Além de deixar evidente a falta de administração e falta de planejamento do atual governo, segundo o artigo art. 21 da Lei de Responsabilidade Fiscal, são nulos de pleno direito os atos que provoquem aumento da despesa com pessoal e que não atendam aos artigos 16 e 17 da supracitada lei. O parágrafo único do art. 22 da LRF determina que: “se a despesa total com pessoal exceder a 95% (noventa e cinco por cento) do limite, são vedados ao Poder ou órgão referido no art. 20 que houver incorrido no excesso:
“I – concessão de vantagem, aumento, reajuste ou adequação de remuneração a qualquer título, salvo os derivados de sentença judicial ou de determinação legal ou contratual, ressalvada a revisão prevista no inciso X do art. 37 da Constituição;
II – criação de cargo, emprego ou função;
III – alteração de estrutura de carreira que implique aumento de despesa;
IV – provimento de cargo público, admissão ou contratação de pessoal a qualquer título, ressalvada a reposição decorrente de aposentadoria ou falecimento de servidores das áreas de educação, saúde e segurança;
V – contratação de hora extra, salvo no caso do disposto no inciso II do § 6o do art. 57 da Constituição e as situações previstas na lei de diretrizes orçamentárias.”
Considerando que o art. 23 da LRF que determina que se a despesa total com pessoal, do Poder ou órgão referido no art. 20, ultrapassar os limites definidos no mesmo artigo, sem prejuízo das medidas previstas no art. 22, o percentual excedente terá de ser eliminado nos dois quadrimestres seguintes, sendo pelo menos um terço no primeiro, adotando-se, entre outras, as providências previstas nos §§ 3º e 4o do art. 169 da Constituição:
“§ 1º No caso do inciso I do § 3º do art. 169 da Constituição, o objetivo poderá ser alcançado tanto pela extinção de cargos e funções quanto pela redução dos valores a eles atribuídos.

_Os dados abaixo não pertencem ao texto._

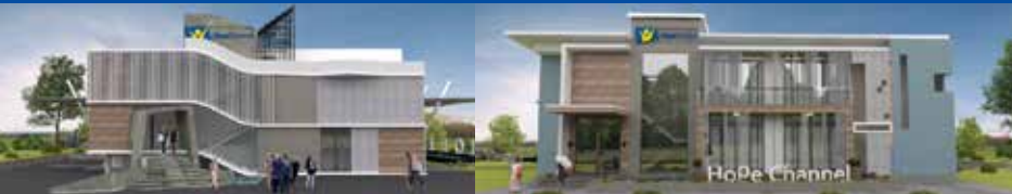
Architectural renditions of the new studios

January 25, 2017 Hope Channel Southeast Asia announced its plans to build its new studio and offices at a groundbreaking ceremony that gave God the glory and thanked the supporters who made this possible. The building will be built on the campus of Asia-Pacific International University (Thailand) where Hope Channel will be an integral part of the university's media ministry. The new building is expected to be completed by May 2018. 🙏
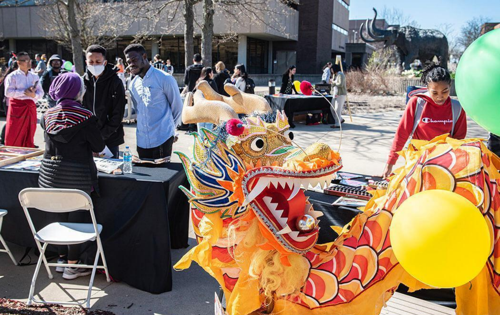
The Asian Heritage Festival was held in Alumni Plaza on Wednesday. Many customs and countries were represented. The festival was sponsored by the Office of Diversity, Equity, and Inclusion.
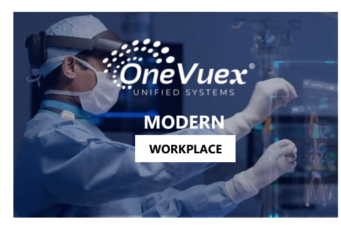
Achieve 40% greater productivity, confident decisions, and a workplace adaptable to change.

OneVuex Unified Systems is an AI powered digital knowledge network and productivity center that intelligently integrates data, content, insights, contacts, and tech innovations, displaying combined results in a single interface. With OneVuex, generate ideas and content faster, complete time-consuming tasks, and gain AI driven insights with advanced security incorporating Zero Trust strategies.
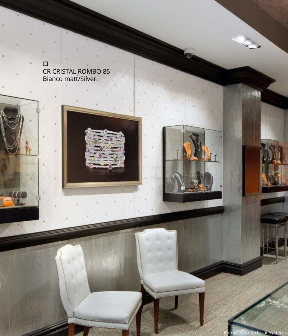
□ CR CRISTAL ROMBO 85 Bianco matt/Silver.
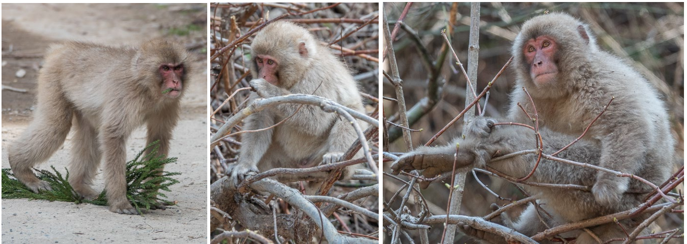
Japanese macaques ( Macaca fuscata fuscata )
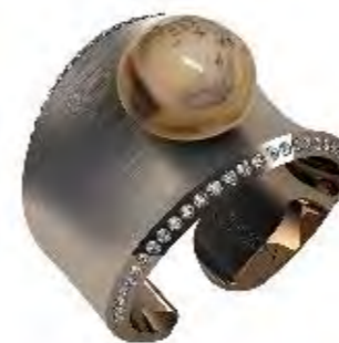
Croissy Pearls | @croissy_pearls
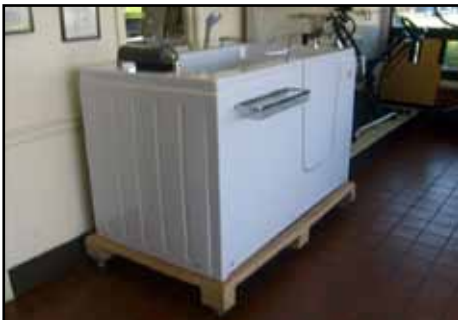
Walk In BathTub!*** Floor demo/As is: $2995. 1-800-420-6470. JUNE M10

EZ Lockdown System with Jazzy Lockdown Chair. $800.
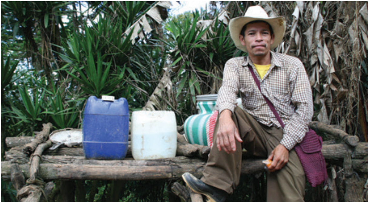
A villager poses for a photograph in Chiquimula, Guatemala. Chiquimula is in the Corredor Seco (Dry Corridor), an area near the Honduran border that recently suffered a severe drought, thus exacerbating poverty and malnutrition in a country that has the highest malnutrition rate in the Western Hemisphere.

2º É facultada a redução temporária da jornada de trabalho com adequação dos vencimentos à nova carga horária.(Vide ADIN 2.238-5)
3oNão alcançada a redução no prazo estabelecido, e enquanto perdurar o excesso, o ente não poderá:
I – receber transferências voluntárias;
II – obter garantia, direta ou indireta, de outro ente;
III – contratar operações de crédito, ressalvadas as destinadas ao refinanciamento da dívida mobiliária e as que visem à redução das despesas com pessoal.
4º As restrições do § 3º aplicam-se imediatamente se a despesa total com pessoal exceder o limite no primeiro quadrimestre do último ano do mandato dos titulares de Poder ou órgão referidos no art. 20.”Qualquer nomeação que seja feita pelo Prefeito durante o período em que a despesa tenha extrapolado o limite legal, viola o princípio da legalidade consagrado no art. 37 da Constituição e é considerada lesiva ao patrimônio público.